# Men And Women Have Different Sexual Regrets, Study Claims



## ntamph (Apr 23, 2013)

Men And Women Have Different Sexual Regrets, Study Claims

This seems to be in line with what a lot of people post here. And now there is a study to confirm it?


----------



## Homemaker_Numero_Uno (Jan 18, 2011)

Darn it. I read the article to make sure I wouldn't get to be real old and have regrets. Nothing exciting. I thought the article would tell me I really needed to have a one night stand or something or I'd be kicking myself in the nursing home. No such luck.


----------



## Thundarr (Jul 4, 2012)

Yes there are outliers and I know that (for those who don't like generalizations).

It's the nature of the our mating evolution it's directly connected to gender and innate tendencies IMO. Awareness and education will not change this dramatically.

Women are generally more able to put her man's past in the past. It's almost like proof that he's a good catch because he was successful mating. His offspring will be successful in mating as well. Men on the other hand don't deal with a woman's past well. It seems almost universal that a man with less experience will have emotional issues if his girl has a past yet a woman with less experience doesn't care if her guy has a past. To me this is hardwired into us to a large degree.

It's easy for a man to say "here's my past, now tell me yours". There's no stigma attached to his honesty. It's more like bragging. Yet there is a stigma attached to the woman's past (and partly innate). No wonder women don't like to share everything when they're worried about being judged for it.


----------



## Homemaker_Numero_Uno (Jan 18, 2011)

I think it's a control and ego issue, men on the whole want to have more experience than the woman, and the woman for her part really doesn't want to have to teach a guy stuff, because then they are judged for knowing that stuff in the first place. In countries where there is more equality between genders, there is less stigma for a woman having a sexual history. 

Anyhow, the way to get around this is to stay mum on partner history and start from scratch. That is, don't sleep together until you've watched some of the better sexual education videos together, or consulted the kama sutra together, or discussed "sexual fantasies" vs. "sexual past" (even if your fantasy was based on experience, why bring that up?
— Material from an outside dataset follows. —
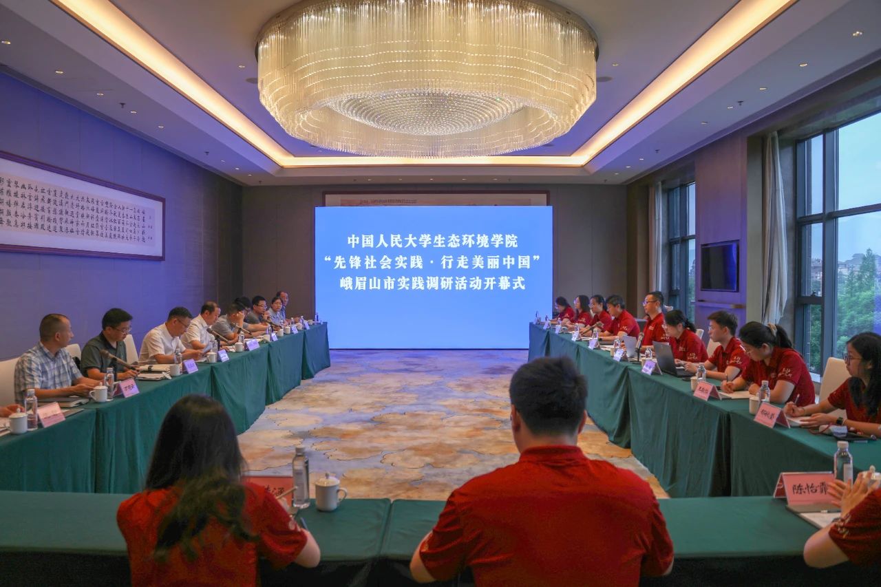 7月22日的实践调研活动开幕式由峨眉山风景名胜区管理委员会副主任陈杨军主持,峨眉山市副市长任理军对调研团队的到来表示欢迎,本次tyc122cc太阳成集团实践团负责人昌敦虎副经理强调了社会实践在生态文明教育中的重要意义,并表示将以此次合作为契机,推动校地共建,助力区域绿色高质量发展。峨眉山市委组织部、峨眉山市发改局、峨眉山市生态环境局、峨眉山市文体旅游局、峨眉山风景名胜区管理委员会党政办公室、峨眉山风景名胜区管理委员会文旅局、峨眉山世界文化和自然遗产研究院、峨眉山林业所、峨眉山生物资源实验站等相关机构的负责人分别详细介绍了峨眉生物多样性保护、生态环境治理、生态产业发展及碳中和实践的基本情况。

Nothing deflates the mood like bringing up that you did such and such with so and so even if so and so is un-named you will have COMPLETELY SPOILED such and such for your partner, FOREVER. Who does that??????)


----------



## Thundarr (Jul 4, 2012)

Homemaker_Numero_Uno said:


> I think it's a control and ego issue, men on the whole want to have more experience than the woman, and the woman for her part really doesn't want to have to teach a guy stuff, because then they are judged for knowing that stuff in the first place. In countries where there is more equality between genders, there is less stigma for a woman having a sexual history.


Yes, men want to have more experience than their women?
Yes, women don't want to have to teach their guy because they're judged for knowing how to teach?
Yes, countries closer to gender equality has less stigma? yes.

Control and ego? That's easy enough to label as bad but strip these tendencies away and see what you're left with. Often a guy you don't like.


----------



## Homemaker_Numero_Uno (Jan 18, 2011)

Thundarr said:


> Control and ego? That's easy enough to label as bad but strip these tendencies away and see what you're left with. Often a guy you don't like.


To each their own! I find the control/ego thing to be a disgusting and revolting turnoff. Makes me nauseous, not wet.


----------



## Thundarr (Jul 4, 2012)

Homemaker_Numero_Uno said:


> To each their own! I find the control/ego thing to be a disgusting and revolting turnoff. Makes me nauseous, not wet.


I was speaking in terms of driving forces that make many these ways. We're talking about different things though.

Yes an egotistical jerk is impossible to deal with but a person with self confidence is attractive. That's a mistake a lot of young women make in choosing bad boys. They confuse jerk for confidence. The difference eventually becomes obvious to them.

Yes a control freak is impossible to deal with as well yet someone who's got their stuff together is attractive. Many young men and women as well confuse a control freak for someone who just wants to take care of. This difference also eventually becomes obvious to them.


----------